• [WHAT TO DO]
Omit the pictures, then write out every entry exactly as it reads.

- Opening Delimiter -

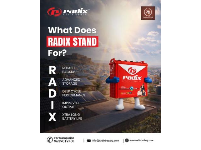 Radix Battery is one of the leading solar battery manufacturers in India, offering durable, high-performance batteries for solar energy storage. Our deep cycle batteries are engineered for long-term efficiency and reliability. Designed to support homes and businesses, Radix batteries ensure smooth and uninterrupted energy storage. Explore our products at https://radixbattery.com/solar or call 09690916611 for further assistance.
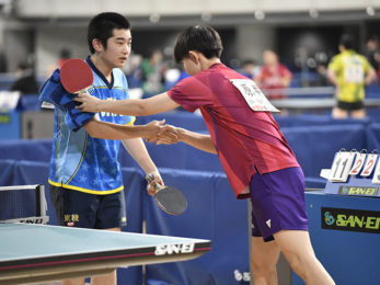 ジュニア男子で福島の佐藤侑大(福島東稜高)が強敵・原井敢田(愛知・愛工大名電高)を競り合いの末に下した。ゲームオールの11−9で勝利した瞬間は感極まった佐藤だったが、そのあとに喜びのガッツポーズを見せた。しかし、2−0とリードしてから2−2に追いつかれた試合展開でもあり、試合後の佐藤に笑顔はなかった。
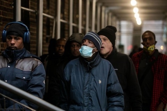 2023年12月24日,在美國紐約,民眾在“紐約公共食品儲藏室”排隊(duì)領(lǐng)取免費(fèi)食品。新華社發(fā)(郭克攝)
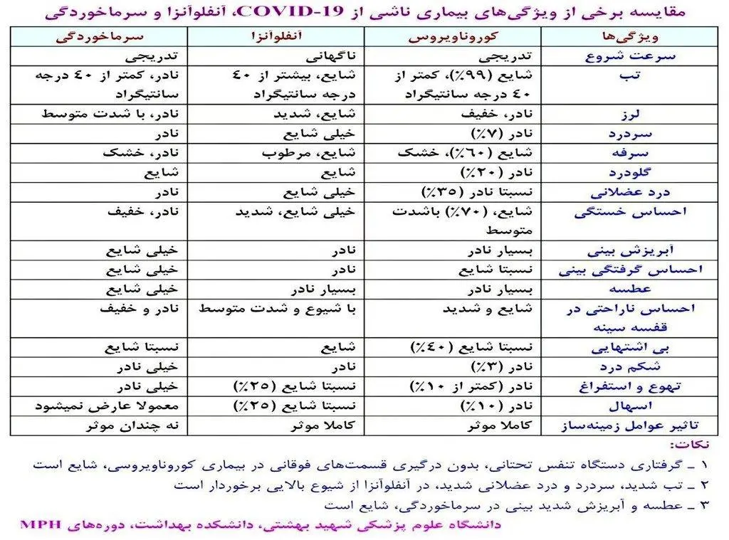 کرونا با این علائم و نشانه ها بروز می کند/ مقایسه کرونا با سرما خوردگی و آنفولانزا جدول مقایسه علام و نشانه های کرونا با آنفولانزا و سرما خوردگی
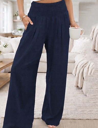 Per donna Finto cotone e lino Gamba larga Chinos Pantaloni Estivi Streetwear Essenziale Casual Lunghezza intera Vita Alta Semplice Tasca Comodo Morbido Confortevole Inelastico All'aperto Streetwear
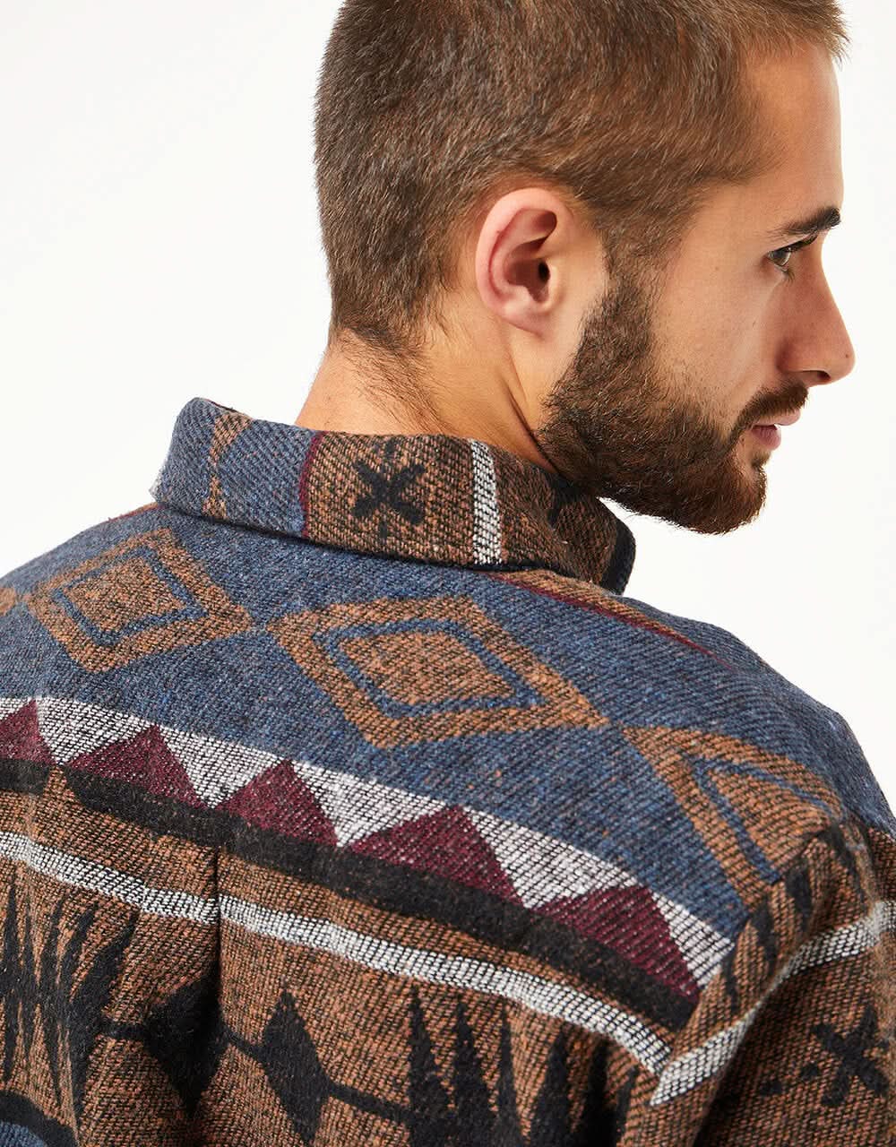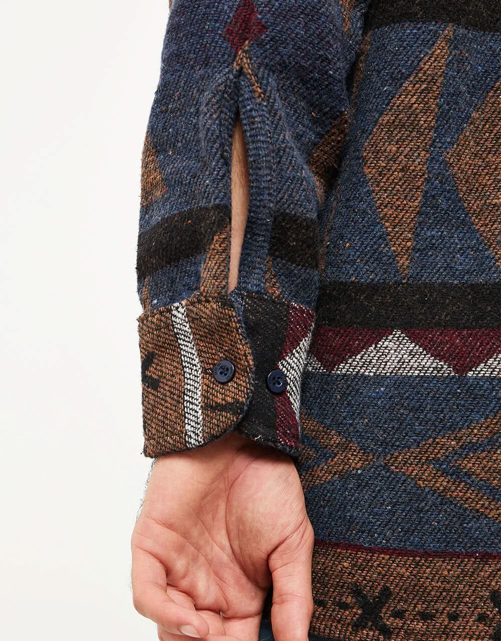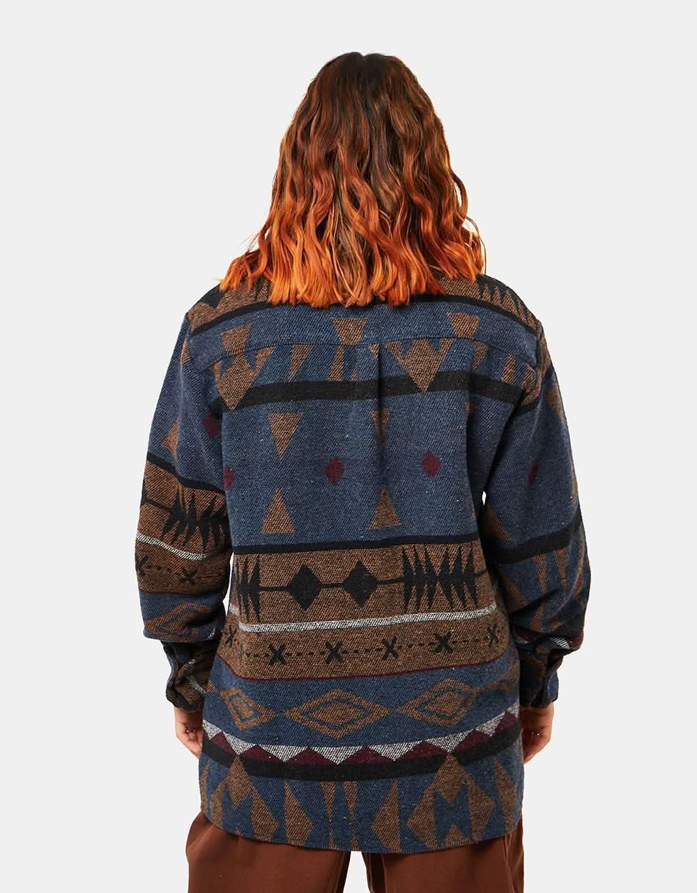 Route One Navajo Heavyweight Flannel Shirt - Imperial Blue/Brown
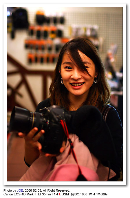 | 這位美麗的小姐很興奮的拿著我的相機要求合照,這個時刻當然由新鏡頭出馬表現一下囉,掌鏡者為剛讓44張小朋友陣亡的元兇。晚上MSN傳來的照片果然濃郁到嚇人,與24mm F1.4L有不同的風味,近期內將會有這兩支鏡頭的成果分享,敬請期待。 |
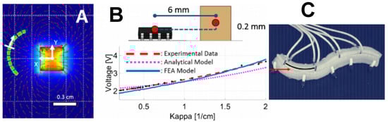 The function of a hall effect sensor in an EMS (A), the distance between the magnet and hall effect sensor in the curvature sensor presented by Ozel et al. (B), and the data correlating the accuracy of the models to the curvature sensor design (C) [] (Open Access).
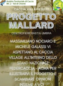 A Caccia Village 2022 dal 13 al 15 maggio prossimi presso lo stand della Federcaccia nazionale, per tutti gli appassionati dell’avifauna acquatica, ci sarà uno spazio dedicato alla presentazione del progetto “Mallard” che vede il coinvolgimento di A.C.M.A. (Associazione Cacciatori Migratori Acquatici – Settoriale FIdC) e dell’Ambito territoriale di caccia Macerata 2 – Val di Chienti.
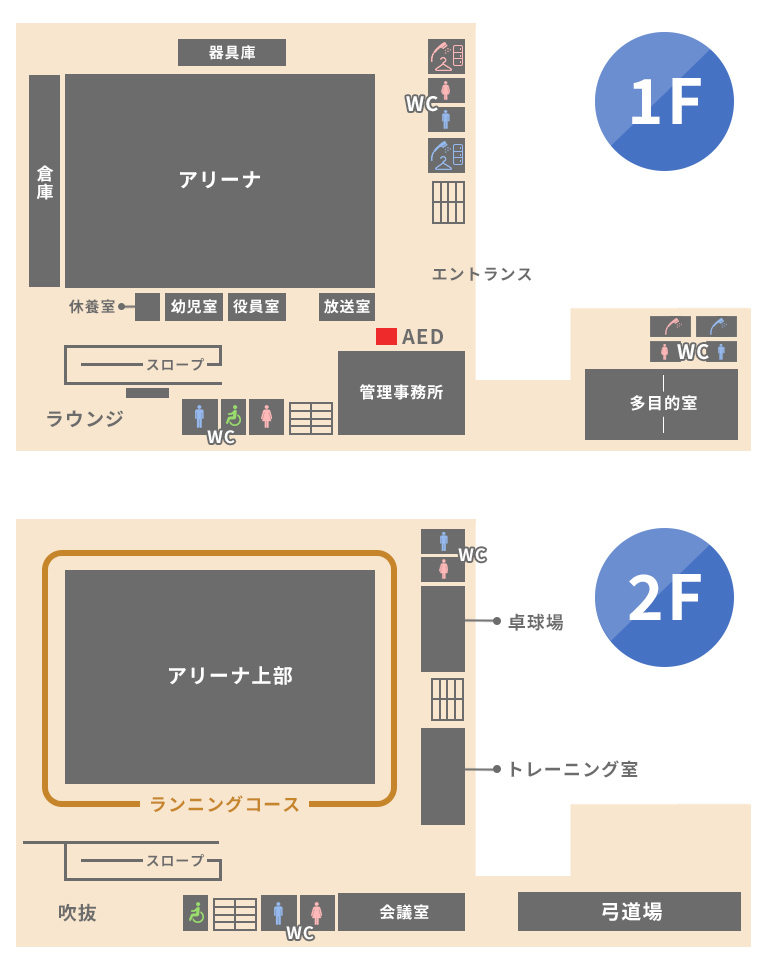 ※体育館の更衣ロッカーは使用時に100円を入れていただきますが、使用後に返却されます。

- Closing Delimiter -

• [ANSWER TO THIS TASK]
 Radix Battery is one of the leading solar battery manufacturers in India, offering durable, high-performance batteries for solar energy storage. Our deep cycle batteries are engineered for long-term efficiency and reliability. Designed to support homes and businesses, Radix batteries ensure smooth and uninterrupted energy storage. Explore our products at https://radixbattery.com/solar or call 09690916611 for further assistance.
 ジュニア男子で福島の佐藤侑大(福島東稜高)が強敵・原井敢田(愛知・愛工大名電高)を競り合いの末に下した。ゲームオールの11−9で勝利した瞬間は感極まった佐藤だったが、そのあとに喜びのガッツポーズを見せた。しかし、2−0とリードしてから2−2に追いつかれた試合展開でもあり、試合後の佐藤に笑顔はなかった。
 2023年12月24日,在美國紐約,民眾在“紐約公共食品儲藏室”排隊(duì)領(lǐng)取免費(fèi)食品。新華社發(fā)(郭克攝)
 کرونا با این علائم و نشانه ها بروز می کند/ مقایسه کرونا با سرما خوردگی و آنفولانزا جدول مقایسه علام و نشانه های کرونا با آنفولانزا و سرما خوردگی
 Per donna Finto cotone e lino Gamba larga Chinos Pantaloni Estivi Streetwear Essenziale Casual Lunghezza intera Vita Alta Semplice Tasca Comodo Morbido Confortevole Inelastico All'aperto Streetwear
 Route One Navajo Heavyweight Flannel Shirt - Imperial Blue/Brown
 | 這位美麗的小姐很興奮的拿著我的相機要求合照,這個時刻當然由新鏡頭出馬表現一下囉,掌鏡者為剛讓44張小朋友陣亡的元兇。晚上MSN傳來的照片果然濃郁到嚇人,與24mm F1.4L有不同的風味,近期內將會有這兩支鏡頭的成果分享,敬請期待。 |
 The function of a hall effect sensor in an EMS (A), the distance between the magnet and hall effect sensor in the curvature sensor presented by Ozel et al. (B), and the data correlating the accuracy of the models to the curvature sensor design (C) [] (Open Access).
 A Caccia Village 2022 dal 13 al 15 maggio prossimi presso lo stand della Federcaccia nazionale, per tutti gli appassionati dell’avifauna acquatica, ci sarà uno spazio dedicato alla presentazione del progetto “Mallard” che vede il coinvolgimento di A.C.M.A. (Associazione Cacciatori Migratori Acquatici – Settoriale FIdC) e dell’Ambito territoriale di caccia Macerata 2 – Val di Chienti.
 ※体育館の更衣ロッカーは使用時に100円を入れていただきますが、使用後に返却されます。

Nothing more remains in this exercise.